Needless to say, a lot has changed over the fourteen years the partners—both Virginia natives who’ve been best friends since college—opened their boutique. Soho, for one, has become what Buccini describes as a mall: “It’s great, because of all the foot traffic, but we were happy to go a block south. That seems fresher and cooler and more interesting,” she said. “We needed room to breathe,” added Easley. “We were getting a little claustrophobic up there with Chanel and Tiffany’s and Balenciaga.” The online world, too, has altered the nature of their business. “Online is growing—it’s not the future anymore, it’s the present,” offered Buccini. “But online is an extension of the actual store,” stressed Easley. “People like the fact that they’ve been here.
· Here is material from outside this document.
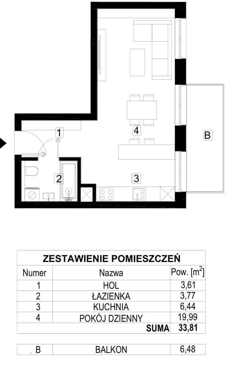 Na sprzedaż kompaktowa kawalerka 33,81 m² - idealna jako inwestycja pod wynajem (krótko- i długoterminowy).

They like remembering who helped them, and that they can picture where the clothes are coming from,” she explained, noting that they ship all e-tail purchases from Soho. “There’s a trust, or higher luxury factor there.”

The larger store has allowed the pair to add a host of new brands to their oeuvre, such as Dior, Swash London, Sara Battaglia, Nina Ricci, and Mary Katrantzou. “Once we add a designer, we want to stay with them forever. We carried one of Nicolas Ghesquière’s first collections,” recalled Buccini. “Now we really have room to show the designers,” said Easley. “I feel like we can make better decisions, and our clothes look better, richer. Everything just seems elevated.”

Speaking of elevation, one has to assume that business is going pretty well for the duo to have embarked on the expansion. “People are shopping again,” said Easley. “In the last couple of seasons, there’s been kind of a shift. You don’t feel like you can sneak by in recession chic with your same old thing and a new shade of lipstick. That’s not cutting it anymore,” she asserted. “And we like it when everything turns upside down. You need to open your mind, and your wallet, to stay current.” It’s just like the Coco Chanel quote states on their wall: “The best things in life are free; the second best are expensive.”